In today’s job market, the demand for men and women who understand computers (and the way people use them) is great and growing.
Every business and organization needs employees who can keep their systems running smoothly, help other employees work more efficiently with computers, and find new ways to put technology to use for their organization. That’s what people who’ve majored in computer information science do.
Every business, organization, and person is also in need of the technology they use to get through the day. They depend upon the people who design new hardware and software, who make innovations to existing hardware and software, and who find new and better ways for technology to serve people and communities. That’s what people who’ve majored in computer science do.
At Franciscan University, you can choose to major in either field of study. As a computer information science major, you’ll study both how technology works and how people use technology. You’ll receive a thorough grounding in hardware and software operations, as well as in business operations, acquiring the knowledge of people and computers necessary to help companies and organizations get the most out of the technology they use.
As a computer science major, you will study in depth the operation, design, and use of modern computer hardware and software systems. You will also receive a foundation in applying computing to mathematics, statistics, and operations research.
In both programs, your course work will be informed by the Franciscan tradition and the University’s Catholic heritage. You will learn how to apply sound moral and ethical reasoning to questions of design and use, and how to ensure that technology always respects the innate dignity of the human person. You’ll also learn how to navigate some of the most common ethical dilemmas that face those who work in the fields of computer information science and computer science.

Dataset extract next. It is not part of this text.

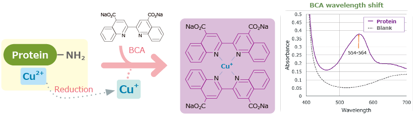 Measurement at 562 nmImmediate detection after mixing with protein (measurement of absorbance at 595 nm)

If you choose to major in computer information science, you will need to complete 33 hours of course work in computer science, 9 hours in accounting, 18 hours in business administration, 6 hours in math, 6 hours in English, and 6 hours in economics. You will also be required to complete a senior thesis. This curriculum follows the guidelines set by the Association of Information Technology Professionals.
If you major in computer science, you will need to complete 41-44 hours of computer science course work (including at least 9 hours of upper level courses), 15-18 hours of mathematics, 6 hours of economics, and 6 hours of English. A senior thesis will also be required. This curriculum follows the guidelines set by the Association for Computing Machinery.
By the time you graduate, you will have the skills and experience you need to work with computer technology and in the computer technology industry. You will also have the ethical foundation necessary for making sound moral decisions about questions of hardware and software design and use.
Class of 2007Major: Computer Information ScienceMinor: Business Management
Computers and business are increasingly interrelated, and understanding both can allow you to help others, 2007 graduate David Norton says. Norton has combined his degrees in ...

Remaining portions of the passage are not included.